In this file, you can define the profile to be used and the paths for different types of files (see *-paths).

Materialization is a variable that controls how dbt creates a model. By default, every model will be a view. This can be overridden in dbt_project.yml. We have set the models under models/marts/core/ to materialize as tables.

# Configuring models
models:
    sde_dbt_tutorial:
        # Applies to all files under models/marts/core/
        marts:
            core:
                materialized: table

3.3 Data flow

We will see how the customer_orders table is created from the source tables. These transformations follow warehouse and dbt best practices.

3.3.1. Source

Source tables refer to tables loaded into the warehouse by an EL process. Since dbt did not create them, we have to define them. This definition enables referring to the source tables using the source function. For e.g. {{ source('warehouse', 'orders') }} refers to the warehouse.orders table. We can also define tests to ensure that the source data is clean.

3.3.2. Snapshots

A business entity’s attributes change over time. These changes should be captured in our data warehouse. E.g. a user may move to a new address. This is called slowly changing dimensions, in data warehouse modeling.

Read this article to understand the importance of storing historical data changes, and what slowly changing dimensions are.

Dbt allows us to easily create these slowly changing dimension tables (type 2) using the snapshot feature. When creating a snapshot, we need to define the database, schema, strategy, and columns to identify row updates.

dbt snapshot
# alternative run the command 'just snapshot'

dbt creates a snapshot table on the first run, and on consecutive runs will check for changed values and update older rows. We simulate this as shown below

# Remove header from ./raw_data/customers_new.csv
# and append it to ./raw_data/customers.csv
echo "" >> ./raw_data/customers.csv
tail -n +2 ./raw_data/customer_new.csv >> ./raw_data/customers.csv

Run the snapshot command again

dbt snapshot

Raw data (raw_layer.customer) & Snapshot table (snapshots.customers_snapshot) snapshots.customers_snapshot

The row with zipcode 59655 had its dbt_valid_to column updated. The dbt from and to columns represent the time range when the data in that row is representative of customer 82.

3.3.3. Staging

The staging area is where raw data is cast into correct data types, given consistent column names, and prepared to be transformed into models used by end-users.

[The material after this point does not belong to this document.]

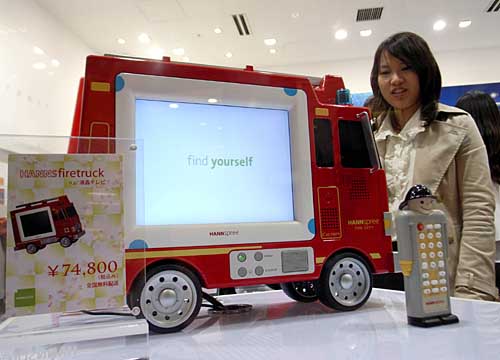 12日,在日本首都東京商業街六本木的一家電器商店,顧客選購青蛙造型的液晶電視。這家商店最近新推出了一系列薯條、手提包、直升機、消防車等卡通玩具造型的液晶電視,電視大小從9.6英寸到42英寸不等,售價比普通電視稍高一點,成為很多家長裝飾兒童房間的選擇。

You might have noticed the eltool in the staging model names. If we use Fivetran to EL data, our models will be named stg_fivetran__orders and the YAML file will be stg_fivetran.yml.

In stg_eltool__customers.sql we use the ref function instead of the source function because this model is derived from the snapshot model. In dbt, we can use the ref function to refer to any models created by dbt.

3.3.4. Marts

Marts consist of the core tables for end-users and business vertical-specific tables. In our example, we have a marketing department-specific folder to defined the model requested by marketing.

3.3.4.1. Core

The core defines the fact and dimension models to be used by end-users. The fact and dimension models are materialized as tables, for performance on frequent use. The fact and dimension models are based on kimball dimensional model .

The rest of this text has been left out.